Öffnen Sie in der Bildaufnahmesoftware den Kameramodus, klicken Sie auf Live, wählen Sie Kanal A auf der rechten Seite des Bildschirms und passen Sie die Histogrammeinstellungen an, um das Bild klar zu sehen. Nachdem Sie die Motoreinstellung am Motorregler auf Basis eingestellt haben, senken Sie das Objektiv ab, bis der Fisch sichtbar ist. Platzieren Sie die Mitte des Fischkopfes in der Mitte des Sichtfeldes und bewegen Sie dann das Ziel nach oben und weg vom Kopf des Fisches.
Ersetzen Sie das Objektivobjektiv mit geringer Vergrößerung durch das Objektivobjektiv mit hoher numerischer Blende für die Aufnahme von drei Photonen und bewegen Sie es dann nahe an den Kopf des Fisches. Setzen Sie die Achswerte aller Motoren auf Null. Senken Sie die Objektivlinse langsam ab, um sicherzustellen, dass das Objektiv den Kopf nicht physisch berührt.
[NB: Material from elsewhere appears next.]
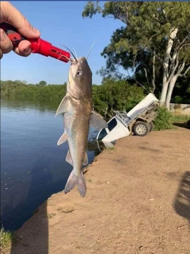 The car was dragged under the water by the fish, no doubt!

Hören Sie in der CCD-Kamerasoftware auf, das Objektiv zu bewegen, wenn die Oberseite des Kopfes sichtbar ist, und setzen Sie die Positionen X, Y und Z auf Null. Schalten Sie die LED-Lichtquelle aus und schließen Sie den dunklen Vorhang um das System, stellen Sie dann die Bilderfassungssoftware für die Drei-Photonen-Bildgebung in den Multiphotonen-GG-Modus ein und stellen Sie die Leistung unter der Objektivlinse auf weniger als ein Milliwatt ein. Klicken Sie in der Bilderfassungssoftware auf die Schaltfläche Live.
Öffnen Sie PMT-Kanäle und passen Sie die PMT-Verstärkung und den Hintergrundpegel nach Bedarf an. Bewegen Sie sich langsam die Objektivlinse hinauf, um die Oberfläche des Kopfes zu lokalisieren, indem Sie den THG-Kanal von den großen Blutgefäßen und der Fensterglasoberfläche aus überwachen. Nachdem Sie die Objektivlinse in die Nähe des Fensters bewegt haben, wenden Sie Wasser zwischen dem Objektiv und dem Schädelfenster an und stellen Sie dann die Achsenwerte aller Motoren auf Null ein.
Klicken Sie in der Bilderfassungssoftware auf die Schaltfläche Live. Öffnen Sie PMT-Kanäle und passen Sie die PMT-Verstärkung und das Hintergrundniveau nach Bedarf an, und bewegen Sie sich dann langsam die Objektivlinse nach oben, um die Oberfläche des Deckschlupfes zu lokalisieren, indem Sie den THG-Kanal von den großen Blutgefäßen und der Fensterglasoberfläche aus überwachen. Passen Sie bei Bedarf die Fensterausrichtung an und setzen Sie dann die Motoren auf Null, um die Oberfläche des Gehirns zu definieren.
Führen Sie eine Bildgebung durch und passen Sie die Leistungsstufe entsprechend der Abbildungstiefe an. Hochauflösende, nicht-invasive und tiefe Bildgebung von genetisch markierten Neuronen im erwachsenen Zebrafischgehirn wird mittels Drei-Photonen-Mikroskopie erreicht. Auch die Verteilung der Zellschichten im optischen Tectum und Kleinhirn kann beobachtet werden.
Die Kamerafunktion des Mikroskops wurde verwendet, um den Fisch zu lokalisieren. Der Schädel ist im THG-Kanal zu sehen, der hilft, durch das Gehirn zu navigieren und die obere Oberfläche zu finden. Neuronen sind mit einem hohen Signal-zu-Hintergrund-Verhältnis tief im erwachsenen Gehirn unterscheidbar.
Mehrfarbige Drei-Photonen-Bilder von GCaMP6s-markierten Neuronen und Texas Red-markierten Blutgefäßen zusammen mit THG-Signalen im erwachsenen Mäusegehirn sind hier zu sehen. Mit der Setup-Optimierung gelang es, kontrastreiche Bilder bis zu 1,2 Millimeter von der Gehirnoberfläche in der CA1-Hippocampus-Region zu erhalten. Calciumaktivitätsspuren von GCaMP6s-markierten Neuronen in einer Tiefe von 750 Mikrometern für eine 10-minütige Aufnahmesitzung zeigten eine hohe Aufnahmetreue.
Dieses Setup kann helfen, neuronale Aktivität zu visualisieren, um die Gehirnfunktion zu verstehen. Es kann auch verwendet werden, um die Zellbewegung innerhalb des biologischen Gewebes zu verfolgen, um verschiedene biologische Systeme zu verstehen. Darüber hinaus kann auch die Blutflussgeschwindigkeit gemessen werden, um die Gesundheit des Tieres zu überwachen.